The Toronto-based band was produced by Barry Keane, a drummer who would later go on to record a dozen or so albums with Gordon Lightfoot. Keane, who at the time was just twenty years old and working as an A & R man for Quality Records, told Modern Drummer magazine, "I got in touch with a friend of mine, a songwriter [Paul Gross], and I gave him some recordings of Tommy James and the Shondells, some Grass Roots, and some other commercially successful people of the time. I said, 'Write some songs like that.'"

Which of course Gross most certainly did. 'You're Gonna Miss Me' was issued in April 1971 on the Celebration label and then rush-released south of the border on Scepter. Though actual facts out there in cyberland are hard to come by, enthusiastic commenters tell us that the disc charted in various places from Toronto and Kingston to Windsor/Detroit (where it was spun on the powerhouse CKLW-AM and its chief rival across the Detroit River, WKNR) and even as far as WHLA-AM in Madison, Wisconsin.

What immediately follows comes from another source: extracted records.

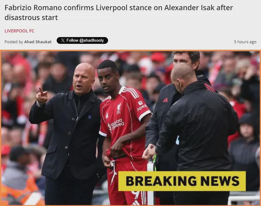 而且从精神层面上说,伊萨克夏天为了加盟利物浦和纽卡斯尔开战,这是个复杂的夏天,身心都是。利物浦确信,只要伊萨克找回身体状态,他就会闪耀、会进球的。
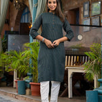 Bottle Green Striped Printed Cotton Kurta With Button Detail
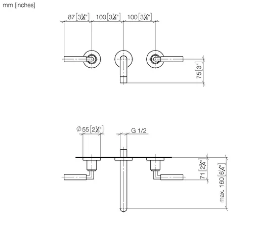 Dornbracht TARA wastafels zonder afvoergarnituur, uitbouw 160mm, set voor eindmontage
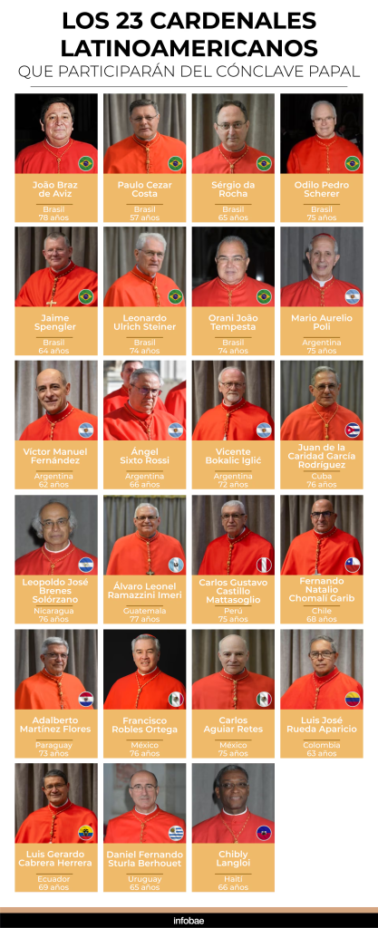 El cónclave que elegirá al sucesor del papa Francisco iniciará el próximo miércoles a las 16:30 hora local con la entrada y clausura de los 133 cardenales electores en la Capilla Sixtina del Vaticano. 23 de ellos son latinomericanos: Brasil tendrá siete representantes; Argentina cuatro, México dos; y Cuba, Nicaragua, Guatemala, Ecuador, Perú, Colombia, Chile, Paraguay, Uruguay y Haití, uno cada uno.
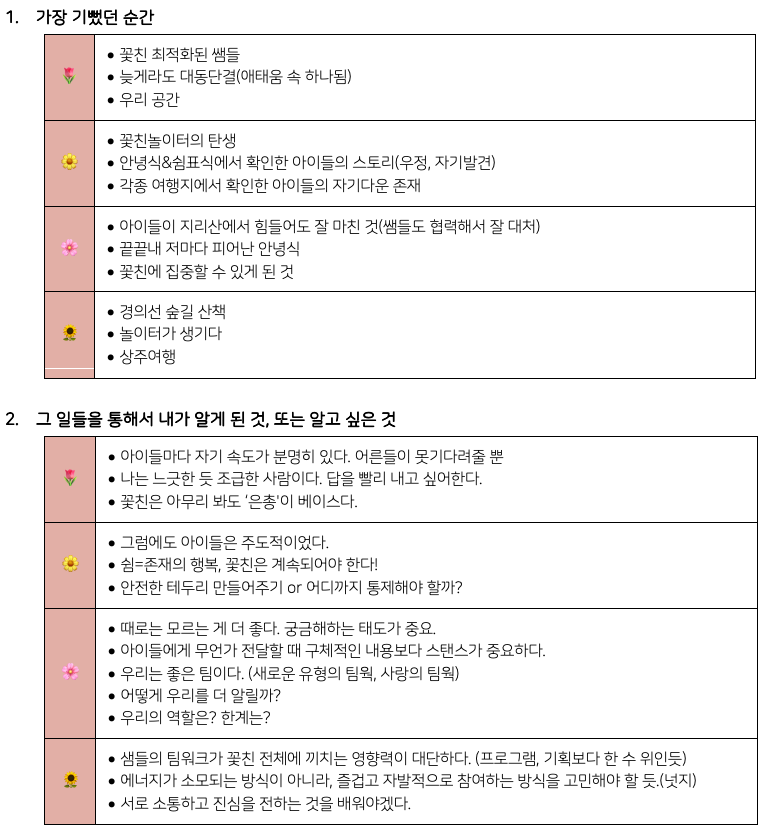 다음 날 아침에는 지난 밤에 나누었던 이야기들을 토대로 올해 꽃친에서 이루어지기 바라는 것을 적어보았습니다.
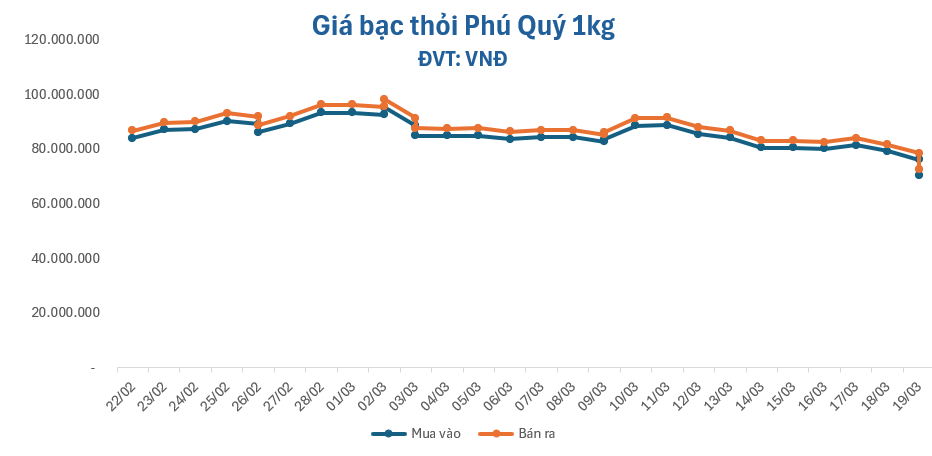 Giá bạc thỏi 1kg giảm sâu gần 6.000.000 đồng, giao dịch dưới mốc 73.000.000 đồng/kg, lùi về mức 70.533.157 – 72.719.818 đồng (mua – bán), giảm 5.653.319 đồng chiều mua và giảm 5.813.319 đồng chiều bán.

But if Gross' memory serves, that was just the tip of the iceberg. "We had a top-10 hit in Canada and made a deal with Scepter Records, and the record was just starting to cook," he recalled. "It was on almost 150 stations in the States. I think it was the #1 record in Tucson, Arizona, and was really happening in some places."

Until of course it met up with the real thing. "Then the Grass Roots released a record called 'Sooner or Later' and our record just died. The radio stations decided they wanted to play the Grass Roots, not some band from Canada that sounded like the Grass Roots."